Blaney has been discussing security issues in London with U.S. Homeland Security Secretary Jeh Johnson and ministerial counterparts from Britain, Australia and New Zealand.
On the sidelines of the Five Eyes meeting, he and Johnson talked about strengthening bilateral information exchanges, including case-specific sharing on citizens suspected of terrorism-related activity.
Blaney pointed out that the Conservative government's new bill would allow sharing of data from Canada's no-fly list with close allies.
In an interview Friday, the minister said that doesn't mean handing U.S. officials the full list of people suspected of being a threat to the skies.
"I made clear that, from a Canadian perspective, we have to first take into consideration the privacy of Canadians."
Blaney said only information about high-risk travellers would be shared under a memorandum of understanding that conforms with Canadian privacy law.
The Conservatives have recently introduced two bills to help Canadian security agencies investigate and derail extremist threats.
Legislation tabled late last month would give the Canadian Security Intelligence Service powers to actively disrupt threats, not just collect and analyze information about them. It would also make it easier for police to control the movements of terror suspects and to detain them longer without warrant.
In addition, the legislation would expand the no-fly regime to cover those travelling by air to take part in terrorist activities, whereas currently there must be an immediate risk to the plane.
Opposition MPs and civil liberties advocates have called for stronger oversight of Canadian intelligence services in light of the proposed new powers — something the government has rejected as unnecessary, given existing watchdog mechanisms.
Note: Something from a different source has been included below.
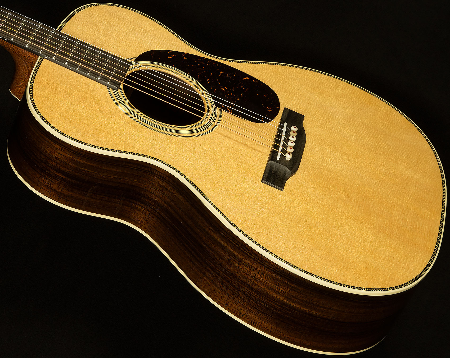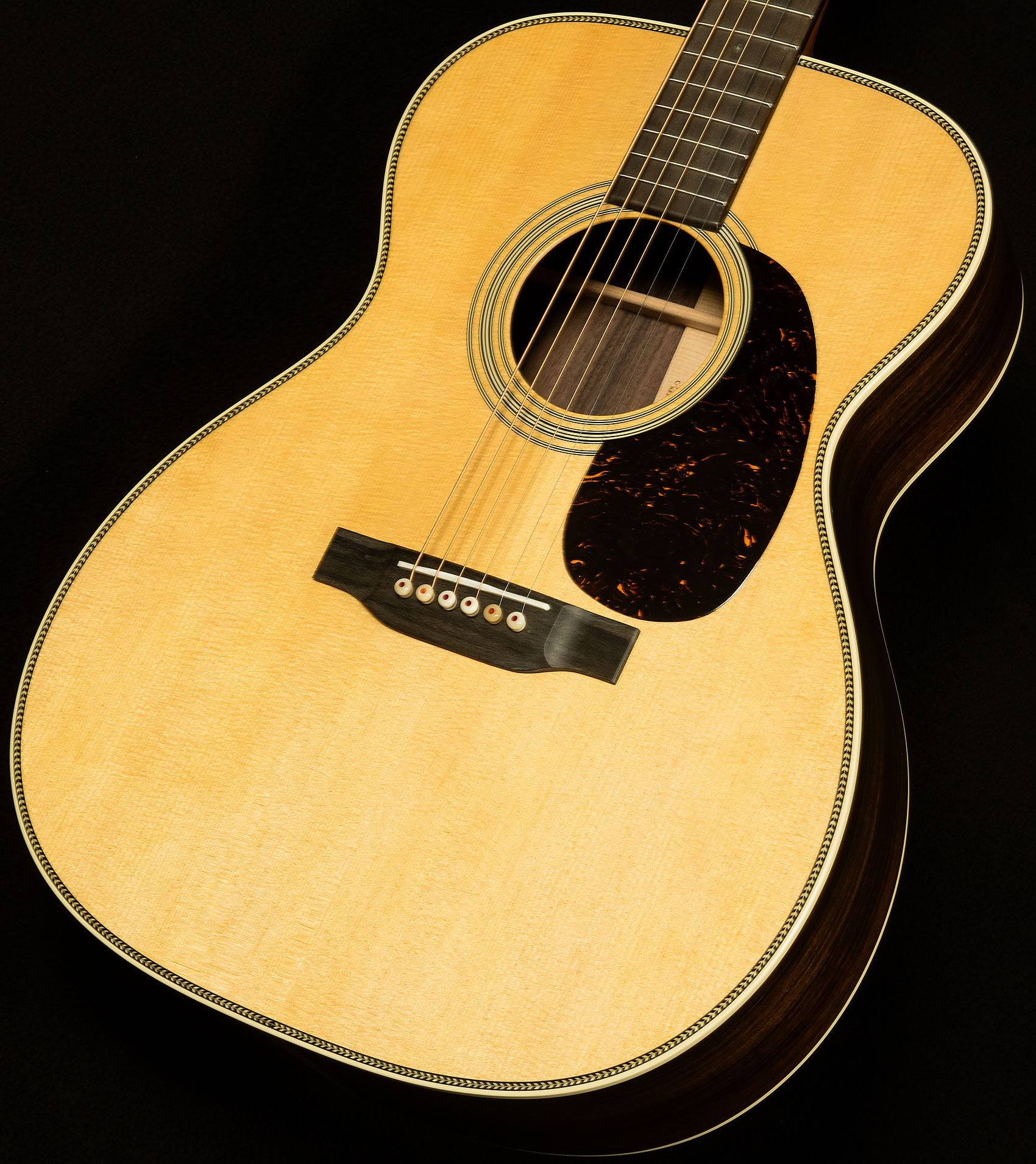 The Martin 000-28 is one of the most iconic models in Martin’s lineup, trusted by generations of players for its versatility, tone, and timeless craftsmanship. Its Auditorium body size delivers a beautifully balanced voice across all six strings, making it equally suited for fingerstyle finesse or bold strumming. Handcrafted with a solid spruce top and solid East Indian rosewood back and sides, the 000-28 offers deep bass, rich overtones, and exceptional resonance, perfectly balanced for any playing style. The satin neck with a Golden Era (GE) Modified Low Oval profile, high-performance taper, and 24.9" scale length ensures unmatched comfort and effortless playability. Elegant details, like bold herringbone top inlay, antique white binding, an ebony bridge with bone pins, and an ebony fingerboard adorned with abalone diamond and square inlays, enhance its timeless design. Available in a variety of stunning gloss options, the 000-28 is a guitar you can trust to unleash the artist within.

When it comes to critical anti-terrorism outreach at home, the Conservatives are "missing in action," NDP public safety critic Randall Garrison told the House of Commons on Friday.
Blaney defended the government's efforts, saying in the interview the bill would allow CSIS to intervene at an early stage with people at risk of becoming radicalized through Internet propaganda.
"But we agree, we need to keep working in that direction with more strategy, especially in the prevention aspect," Blaney added.
Countries must share best practices and create an "effective counter-narrative" to help break the grip of radicalization on young people, he said.
Canada has agreed to share the findings of its counter-terrorism research under the Kanishka initiative, a multi-year effort recommended by the commission of inquiry into the Air India bombing, Blaney said.
He also expressed admiration for British efforts to ensure "all citizens have a sense of belonging to the nation" as well as respect for democracy, gender equality and freedom of expression.